▶ Activity: Find the line with "デバイスを管理できるようにす" in the entries below, then reproduce it and every line after it down to and including the line with "La Universidad Nacional", exactly.

▶ Entries supplied:
+++++

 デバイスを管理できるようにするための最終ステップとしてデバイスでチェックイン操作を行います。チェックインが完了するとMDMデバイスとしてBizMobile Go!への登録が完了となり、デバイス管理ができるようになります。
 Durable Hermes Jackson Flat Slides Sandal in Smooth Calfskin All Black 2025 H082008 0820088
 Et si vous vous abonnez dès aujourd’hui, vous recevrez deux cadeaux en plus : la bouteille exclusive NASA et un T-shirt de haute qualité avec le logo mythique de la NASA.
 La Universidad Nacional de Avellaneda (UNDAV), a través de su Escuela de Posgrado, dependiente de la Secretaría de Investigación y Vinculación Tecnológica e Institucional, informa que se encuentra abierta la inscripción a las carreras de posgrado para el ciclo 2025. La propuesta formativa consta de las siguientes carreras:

+++++

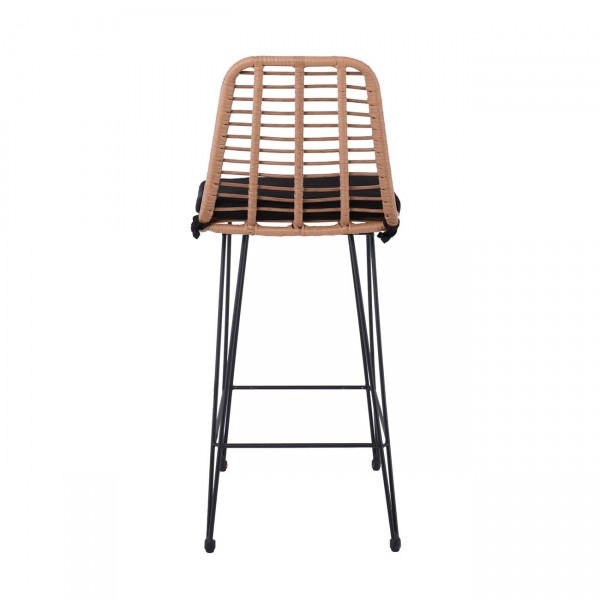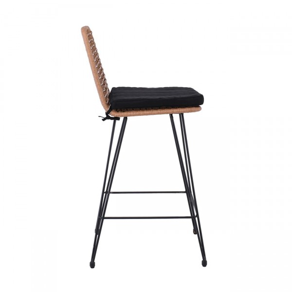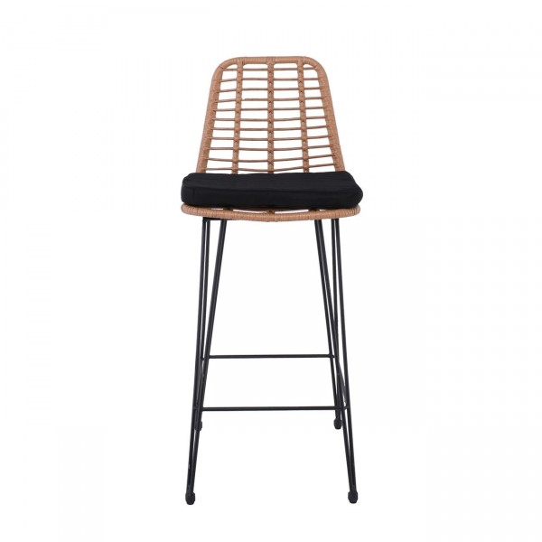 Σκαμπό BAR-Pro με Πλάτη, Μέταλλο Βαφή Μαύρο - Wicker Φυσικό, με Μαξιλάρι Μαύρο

+++++

▶ Solution:
 デバイスを管理できるようにするための最終ステップとしてデバイスでチェックイン操作を行います。チェックインが完了するとMDMデバイスとしてBizMobile Go!への登録が完了となり、デバイス管理ができるようになります。
 Durable Hermes Jackson Flat Slides Sandal in Smooth Calfskin All Black 2025 H082008 0820088
 Et si vous vous abonnez dès aujourd’hui, vous recevrez deux cadeaux en plus : la bouteille exclusive NASA et un T-shirt de haute qualité avec le logo mythique de la NASA.
 La Universidad Nacional de Avellaneda (UNDAV), a través de su Escuela de Posgrado, dependiente de la Secretaría de Investigación y Vinculación Tecnológica e Institucional, informa que se encuentra abierta la inscripción a las carreras de posgrado para el ciclo 2025. La propuesta formativa consta de las siguientes carreras:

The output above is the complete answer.